Por Sionei Ricardo Leão*

Este artigo é um dos desdobramentos do Projeto Kamba´Racê - notas sobe a questão racial no
Exército Brasileiro - defendida no ano de 2000, no Curso de Pós-Graduação em
Comportamento Político, pela Universidade Federal de Mato Grosso do Sul. O assunto foi
transformado em roteiro de documentário em vídeo, apoiado pelo Fundo de Incentivo à
Cultura de Mato Grosso do Sul, em 2002 e distinguido pelo Prêmio Palmares de Comunicação,
em fevereiro deste ano (2005), na categoria Movimento Negro Contemporâneo.

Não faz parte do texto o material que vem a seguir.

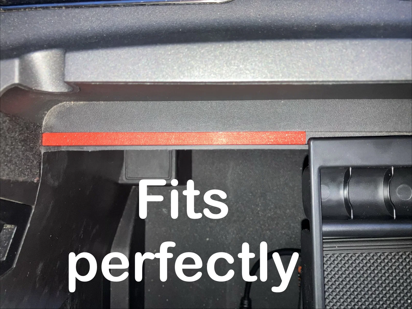 Phụ kiện này được thiết kế với kích thước cực kỳ chính xác là 127 x 6 x 6.7 mm, đảm bảo vừa vặn hoàn hảo vào vị trí rãnh trên bệ tỳ tay của dòng xe Ford F-150 đời 2015-2020. Nhờ thiết kế nhỏ gọn và tinh tế, khi lắp đặt vào, thanh chặn gần như chìm vào không gian nội thất, mang lại vẻ ngoài thẩm mỹ như một linh kiện gốc của nhà sản xuất. Bạn không cần phải lo lắng về việc mất thẩm mỹ hay cản trở thao tác đóng mở khay đồ nhờ sự tinh giản trong thiết kế này.

O escopo, portanto, tem por foco o Exército do Brasil, instituição que zela por sua imagem
interna e externa nessa temática racial, ressaltando o Século XVII, por ocasião das batalhas
realizadas para expulsar do território do então Brasil-Colônia os efetivos holandeses, que
dominavam à época parte do território nordestino. Neste caso, projeta o personagem histórico
Henrique Dias – ex-escravo que pegou em armas para dar combate aos calvinistas
comandados por Maurício de Nassau.

No entanto, no que se refere às relações raciais, provavelmente, a Guerra do Paraguai por


conta da grande participação de negros (livres e escravos) tenha tido maior relevo para a
população afrodescendente. Não será demasiado relacionar a trajetória dos Zuavos Baianos
como a de tantos outros contingentes de que tomaram parte os negros no evento, na ainda
que tardia, Abolição.

O Exército, no que se refere à questão racial brasileira tem o mérito de ter colaborado
decisivamente na Abolição da escravidão. Isto por conta de a participação de numerosos
negros, livres e cativos na Guerra do Paraguai - campanha para qual foram criadas as unidades
de Zuavos Baianos - ter despontado uma cumplicidade de posições contrárias ao regime servil
por parte do Exército enquanto corporação. O sociólogo Otavio Ianni explicou que desde
meados do século XIX, o Exército, enquanto instituição, "não estava mais disposto a dar
cobertura a uma instituição condenada moral e politicamente".
Tomaram parte na Guerra do Paraguai, nos Corpos de Voluntários da Pátria, unidades, valor
companhia, chamadas de Zuavos Baianos, cujo sacrifício faz parte dessa conquista social pela
cidadania. Organizadas entre negros do Nordeste, de acordo com o que relata o general Paulo
de Queiroz Duarte instituíram-se com "grande entusiasmo". Todos os componentes dessas
unidades eram afrodescendentes, dos soldados aos oficiais.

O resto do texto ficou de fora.